That’s not the truth. There’s a simple fact that the wall
obscures: The people in Tijuana are not the true source of the
violence in that city. And keeping certain people out is not actually
what keeps San Diego safe.

When I drove to Tijuana, I crossed a border where the crime rate
changed staggeringly, well before I even made it to Mexico. In Los
Angeles, I headed toward the coast down Highway 110. In just 20
minutes, I went from Manchester Square (between Compton and Lawndale)
to Rolling Hills Estates, a Malibu-like neighborhood in the hills
northwest of Long Beach. In those few miles, the per capita violent
crime rate plummeted 98 percent
[[link removed]]—from
about 85 incidents per 10,000 people to just 1.2 incidents.

There are no border walls between Rolling Hills and Manchester Square,
no checkpoints, no patrols keeping people out. Yet the violence stays
incredibly localized; you can measure relative security by zip code.
There are similar borders all over the country, in Chicago and New
York, St. Louis and Miami, Houston and New Orleans.

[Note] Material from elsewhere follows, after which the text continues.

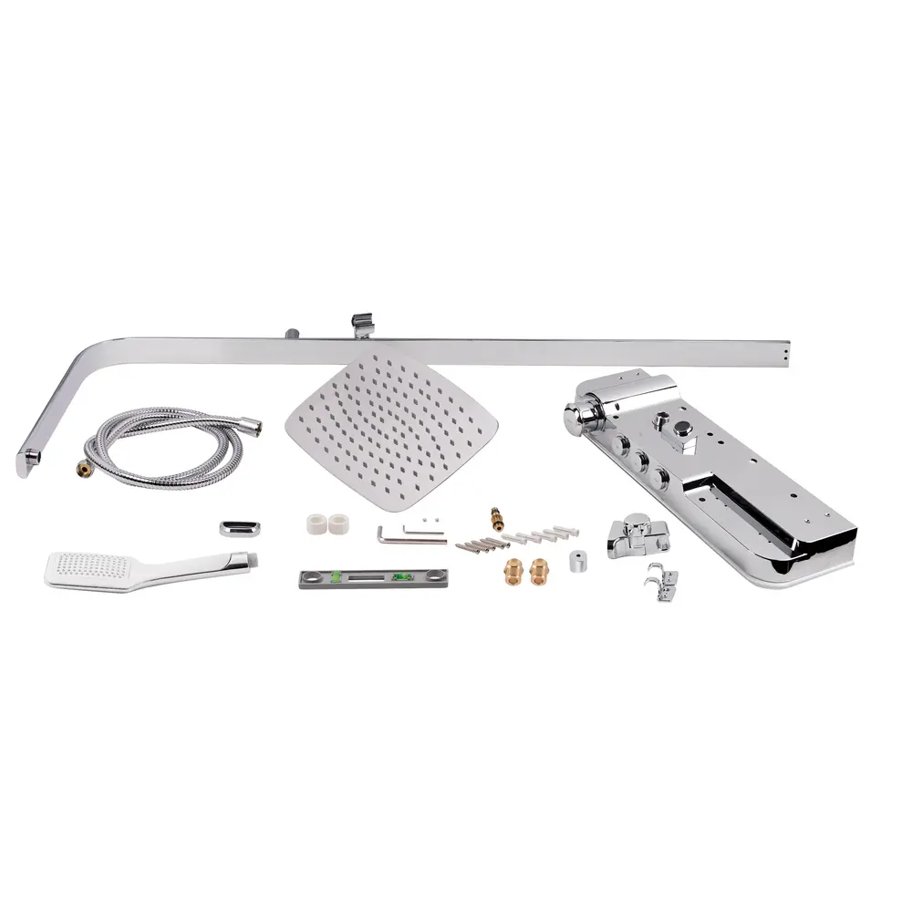 Змішувач, Кронштейн для верхнього душу, Лійка для верхнього душу, Кронштейн для ручного душу, Лійка для ручного душу, Душовий шланг, Душова стійка, Рівень, Кріплення

How does this happen? For researchers studying violence, trying to
understand why a city like Tijuana has become violent can look similar
to trying to understand why the people of Flint, Michigan, began
feeling sick in 2014. It’s not really a question of who the people
are. It’s a question of where they live.

From news reports in the United States, the growing violence in
Mexico can seem a straightforward, bloody battle between the narcos
and government agents
[[link removed]] (who
are also sometimes narcos). However, for people such as Iván Cruz,
who has lived most of his life in Tijuana, the growing danger
doesn’t feel like a war zone’s. It’s something different.

Cruz lives in Camino Verde, a southern Tijuana neighborhood
that’s notoriously dangerous
[[link removed]].
In the past few years, he’s watched violence spread through his city
like an epidemic. (As recently as 2014, Tijuana had fewer than 500
homicides per year
[[link removed]].
Last year nearly 2,200 were killed
[[link removed]],
a more than threefold increase.) While Americans focus on narco
shootouts with high-powered weapons, Cruz hasn’t seen the cartels
swoop in and claim territory. Rather, it’s the people of his
neighborhood who seem to have changed. A toxic fog of danger and
distrust now hangs in the air. People are killing each other.
Neighbors are dying, and often no one knows who killed them. In this
atmosphere of intense fear, people who were once peaceful feel forced
to defend themselves; they pick up guns or join gangs. This is no war.
There are no clear sides or enemies, no bad guys and good guys.
Instead, it feels like the arrival of a plague, some disease that can
spread through a neighborhood and take lives.

“It can touch you wherever you are,” Cruz said. “You can try to
stay out of bad areas, you can stay at home with the doors
locked…but the violence can touch you anywhere.”

Increasing militarization: The US pours billions of dollars into
border security each year. (Marco Ugarte / AP)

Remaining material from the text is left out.